This section is from the book "Facts Worth Knowing", by Robert Kemp Philip. Also available from Amazon: Inquire Within for Anything You Want to Know.
If you are about to take a place of business, you will do well to consider the following remarks:
Let us take the case of a person who has no intimate knowledge of any particular trade, but having a very small capital, is about to embark it in the exchange of commodities for cash, in order to obtain an honest livelihood thereby. It is clear, that unless such a person starts with proper precaution and judgment, the capital will bo expended without adequate results; rent and taxes will accumulate, the stock will lie dead or become deteriorated, and loss and ruin must follow. For the least absorption acting upon a small capital will soon dry up its source; and we need not picture the trouble that will arise when the mainspring of a tradesman's success abides by him no more.
The case of the larger capitalist can scarcely be considered an exception to the same rule. For it is probable that the larger capitalist, upon commencing business, would sink more of his funds in a larger stock - would incur liability to a heavier rent; and the attendant taxes, the wages of assistants and servants would he greater; and therefore, if the return come not speedily, similar consequences must sooner or later ensue.
Large or small capitalists should, therefore, upon entering on a shop-keeping speculation, consider well the nature of the locality in which they propose to carry on trade, the number of the population, and the habits and wants of the people, and the extent to which they are already supplied with the goods which the new adventurer proposes to offer them.
There is a tendency among small capitalists to rush into new neighborhoods, with the expectation of making an early connexion. Low rents also serve as an attraction to those localities. We have found, however, in our experience, that the ealy suburban shops seldom succeed. They are generally entered upon at the very earliest moment that the state of the locality will permit - often before the house is finished the shop is tenanted, and goods exposed for sale - even while the streets are unpaved, and while the roads are as rough and uneven as country lanes. The consequence is that, as the few inhabitants of these localities have frequent communication with adjacent towns, they, as a matter of habit or of choice, supply their chief wants thereat; and the suburban shopkeeper depends principally for support upon the accidental forgetfulness of his neighbour, who omits to bring something from the better and cheaper market, or upon the changes of the weather, which may sometimes favour him by rendering a "trip to town" exceedingly undesirable.

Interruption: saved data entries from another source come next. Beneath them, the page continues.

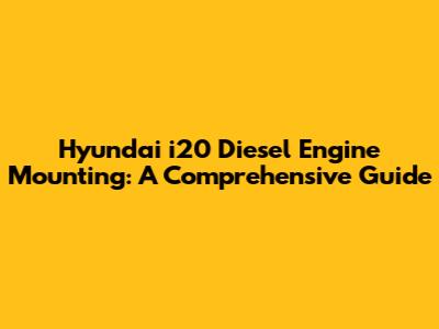 Hey guys! Ever wondered about the Hyundai i20 diesel engine mounting and why it's so important? Well, you're in the right place! We're going to dive deep into this topic, covering everything from the basics to troubleshooting common issues. Engine mounting, or engine mounts, play a crucial role in the overall performance and longevity of your car. They're like the unsung heroes, silently working to keep everything running smoothly. Let's get started, shall we?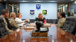 Mark Jantzer (center), mayor of Minot, poses for a photo with U.S. Air Force Col. Jesse W. Lamarand (right), 5th Bomb Wing commander, and U.S. Air Force Col. Jimmy Schlabach (left), 91st Missile Wing commander, at Minot, North Dakota, April 6, 2026. Jantzer and Team Minot leadership signed a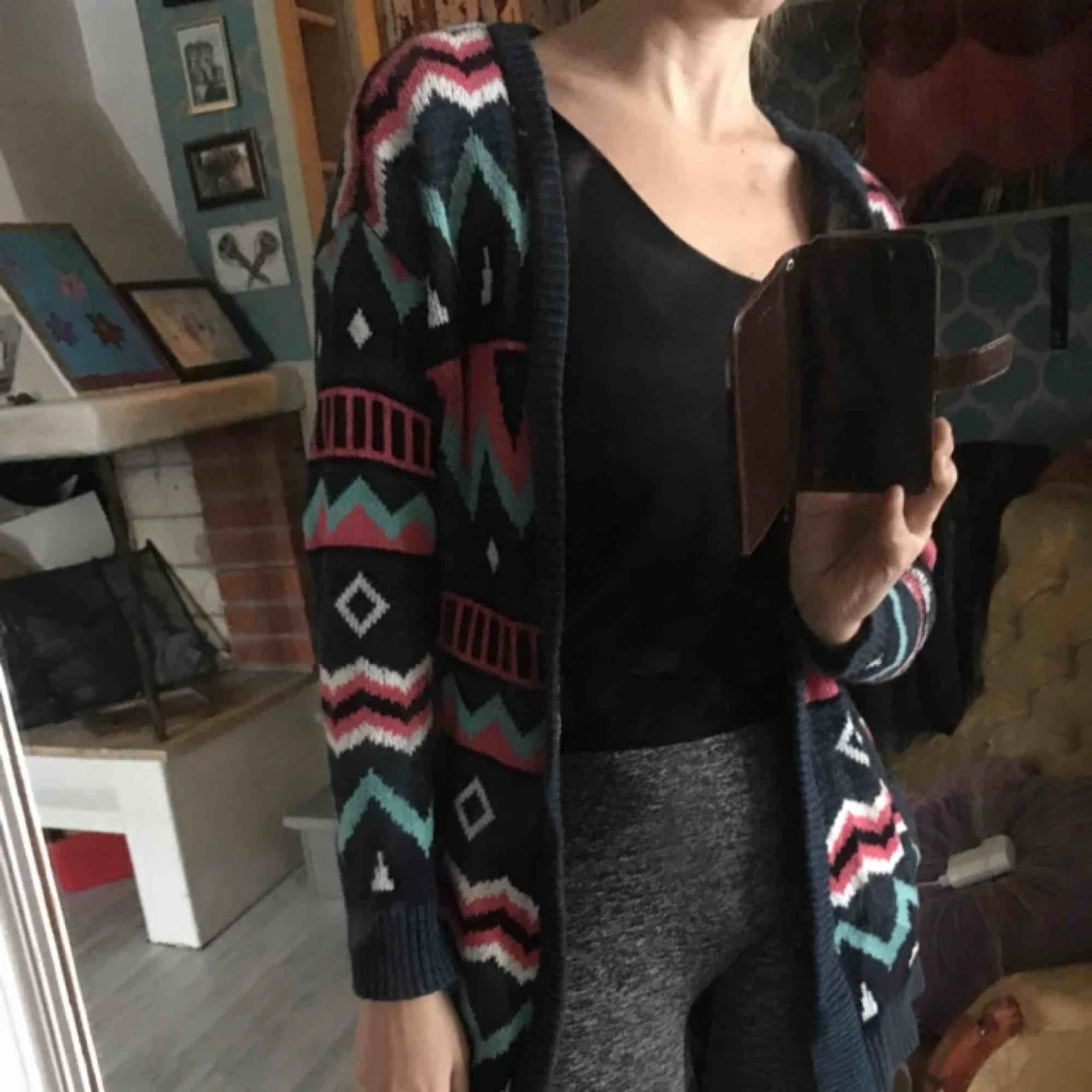 Mycket snygg stickad cardigan med mönster. Väldigt skön. Med fickor och utan knappar. Snygg till jeans eller klänning. Bra skick!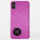 Um design minimalista cintilante elegante na popular combinação de cor rosa quente e preto com um simples monograma de rico, de uma letra para lhe dar um toque personalizado. Apenas mude a carta para a sua. #personalizado #classe #brilho #brilho #monograma #hotpink #fonecase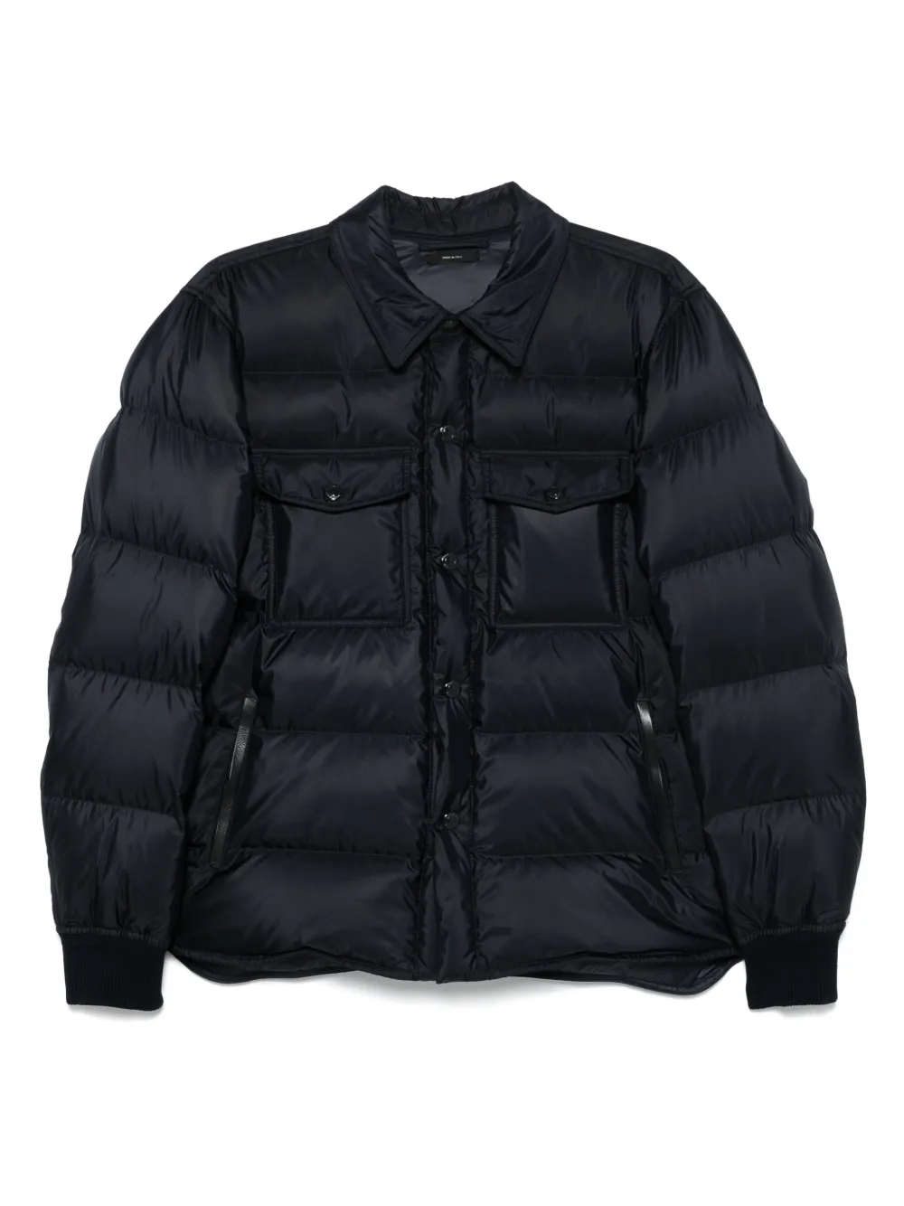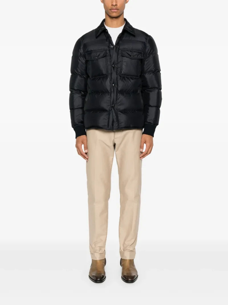 Jacheta TOM FORD Padded bleumarin, model matlasat integral cu guler clasic, inchidere cu capse, maneci lungi, mansete elastice, buzunare multiple si captusita cu pene de gasca. Potrivita pentru sezonul toamna/iarna. 100% poliester; 100% poliamida; 90% fulgi de gasca; 10% pene de gasca.

2826. Failures - "While the grass is growing the horse is starving;" and thus, while the new district is becoming peopled the funds of the small shop-keeper are gradually eaten up, and he puts up his shutters just at the time when a more cautious speculator steps in to profit by the connexion already formed, and to take advantage of the now improved condition of the locality. It seems therefore desirable for the small capitalist rather to run the risk of a more expensive rent, in a well peopled district, than to resort to placee of slow and uncertain demand; for the welfare of the small shopkeeper depends entirely upon the frequency with which his limited stock is cleared out and replaced by fresh supplies.